Er fühlt sich getroffen
Blatters Verschwörungstheorien lassen erkennen, dass er sich getroffen fühlt. Denn unter den Verhafteten sind auch Vertraute des Schweizers. Und es liegen inzwischen Geständnisse vor, heißt es, ferner sei klar, dass im Zusammenhang mit der WM-Vergabe an Südafrika zehn Millionen Dollar geflossen seien. Untersucht werden sollen zunächst die künftigen WM-Veranstaltungs-Orte Russland und Katar. Blatter hat beim Votum für Katar selbst nicht für das Ölland gestimmt, im Falle von Russland ist interessant, dass Blatter und Wladimir Putin Freunde sind und Putin sich längst zu und für Blatter geäußert hat. Inwieweit hierbei die Verstimmung zwischen Washington und Moskau wegen der Annexion der Krim eine Rolle spielt, sei erwähnt.
SZ-Redakteur Kistner weist nun auf ein Treffen von 53 Fußball-Verbänden am kommenden Wochenende in Berlin hin, am Rande des Champion-League-Finales zwischen dem FC Barcelona und Juventus Turin. Unklar bleibt, was dort passieren soll, schließlich haben sich sowohl Platini wie Niersbach in die Büsche geschlagen, als es darum ging, gegen Platter voll Position zu beziehen und sich gegen ihn zu stellen.

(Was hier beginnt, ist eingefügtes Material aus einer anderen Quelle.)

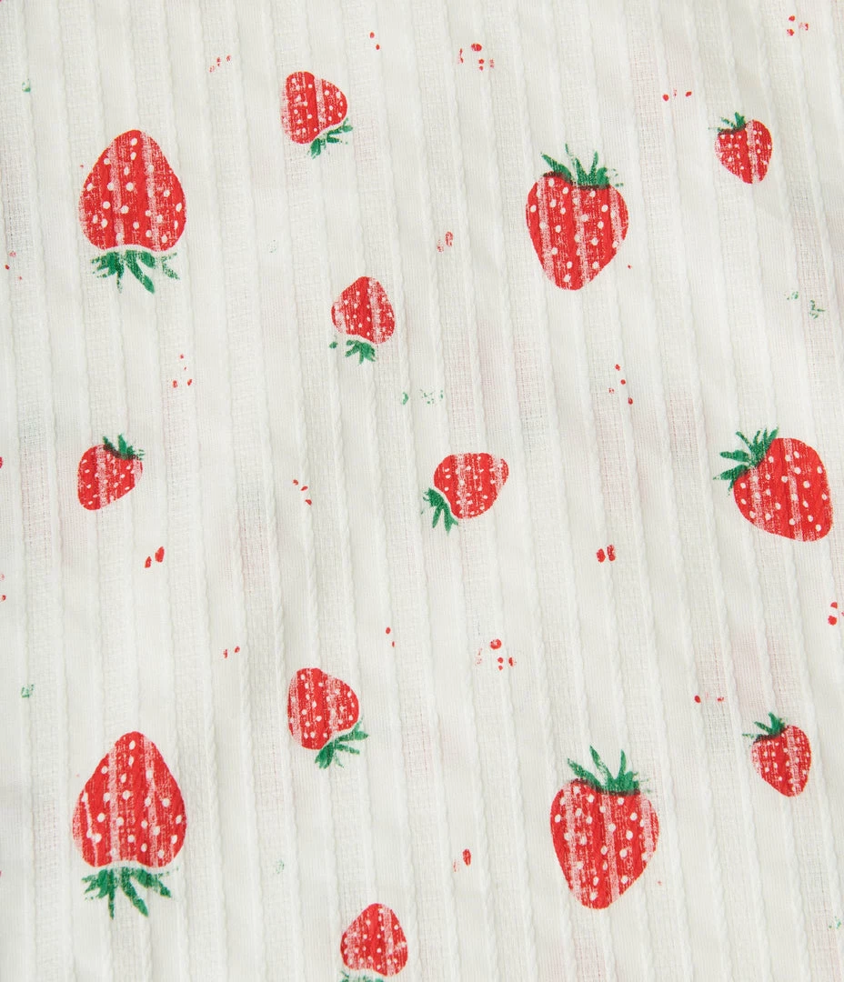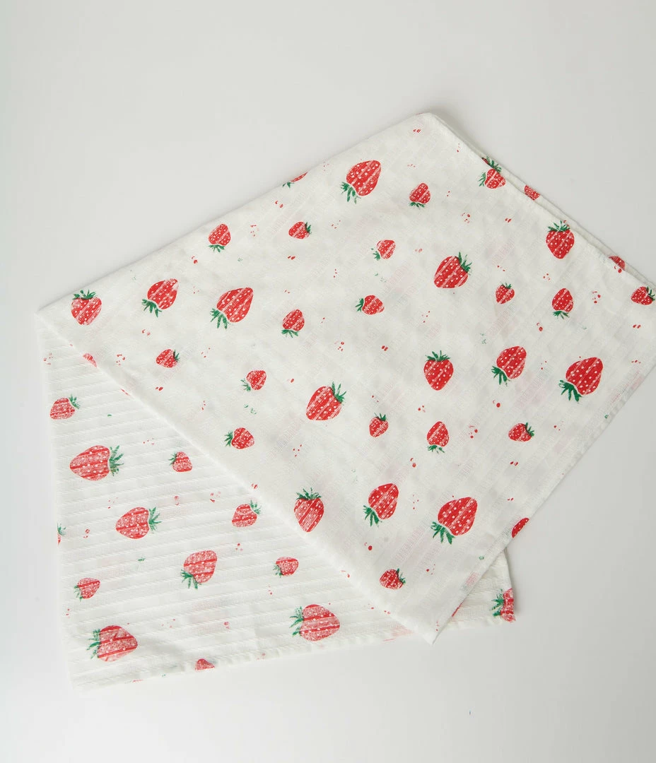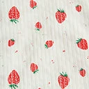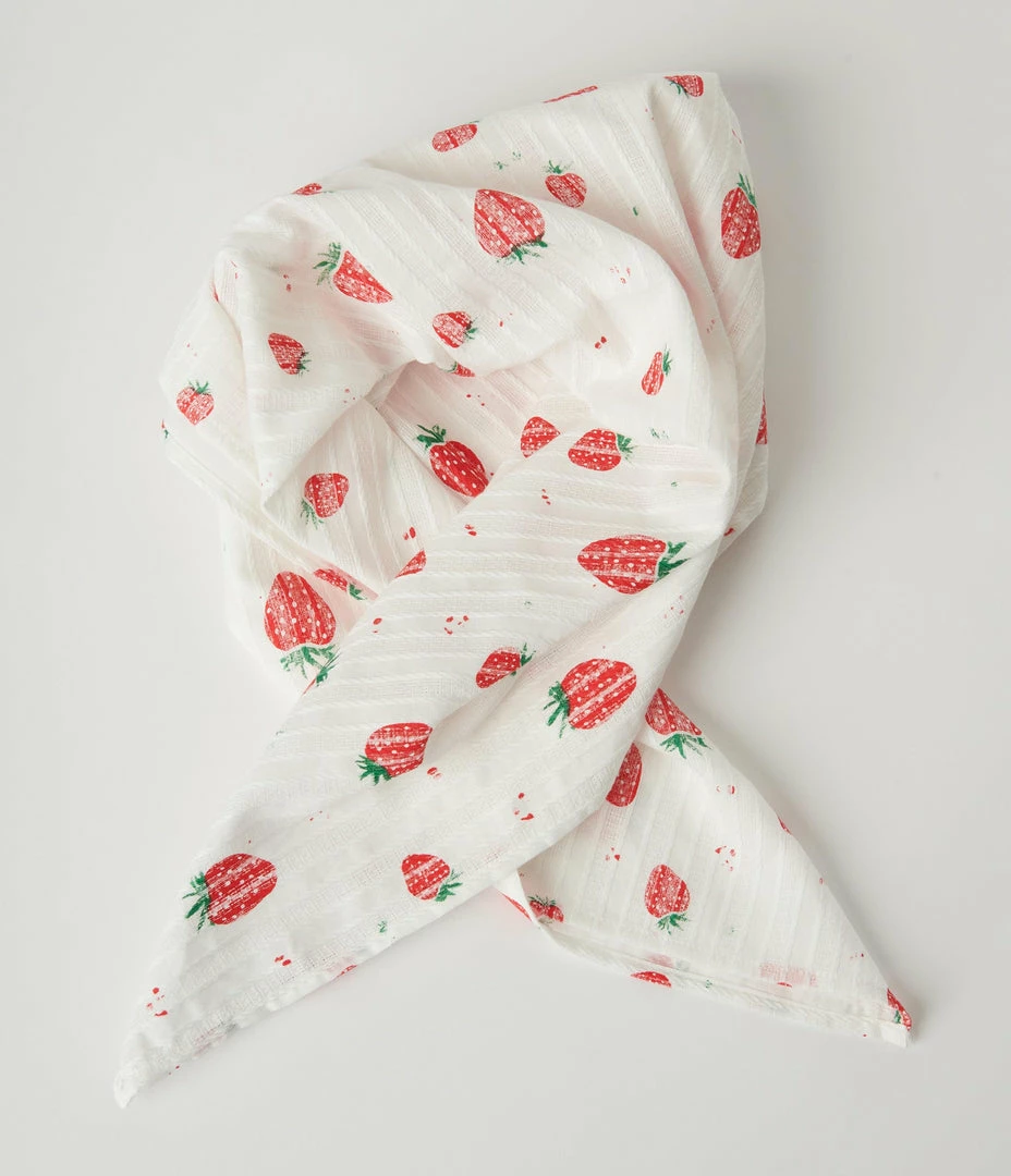 This delectable hair scarf is crafted in a woven white fabric that features a cable knit pattern and red strawberries printed throughout.

Aufschlussreich könnten Berichterstattungen sein, in denen Blatter betont hat, Franz Beckenbauer habe Wolfgang Niersbach „zusammengefaltet“, wohl wegen dessen anfänglicher Kritik an Blatter. Beide, Beckenbauer und Niersbach, haben diese Darstellung zurückgewiesen. Auffällig war aber im Vorfeld der Wahl Blatters, wie sich Beckenbauer öffentlich für Blatter ins Zeug legte, in dem er erklärte, die Probleme der Fifa lägen nicht an Blatter, sondern am System. Warum hat sich Beckenbauer so geäußert, just in dem Moment, da dunkle Wolken über Zürich und der Fifa aufzogen? Welche Rolle hat der einstige Fußball-Star aus Bayern bei der Bewerbung von Russland gespielt? Kistner erinnert daran, dass sich Blatter den DFB schon einmal vom Halse gehalten habe, 2012 hätten DFB-Funktionäre den Rücktritt Blatters gefordert. Prompt habe der „Patriarch“ eine „Korruptions-Andeutung zur deutschen WM-Bewerbung für 2006“ gemacht. „Und sofort erstarb jede Kritik“. War das deutsche Sommermärchen etwa erkauft?
Beweise müssen her
Spekulationen reichen nicht, Beweise müssen her. Es kann doch nicht sein, dass es darum gehen soll, wie viele Startplätze Europa bei den nächsten beiden WM erhält, also 13 oder nur 12? Es kann doch nicht sein, dass Blatter sich mit einem zarten Hinweis, die WM 2026 könne vielleicht doch in Europa stattfinden, Luft verschafft hat im Kampf um seine Macht.
Bei der schönsten Nebensache der Welt scheint sich alles nur ums Geld zu drehen und nicht um den Ball. Geld stinkt nicht? Die Sponsoren des Fußballs könnten für Sauberkeit sorgen, sie haben den Schlüssel dafür in der Hand: das Geld.
Schade. Gerade noch haben wir ein spannendes Pokal-Finale gesehen. Und es ist bald ein Jahr her, dass die Fußball-WM in Brasilien begann und mit einem wunderschönen Tor von Mario Götze und dem Triumpf der deutschen Mannschaft endete.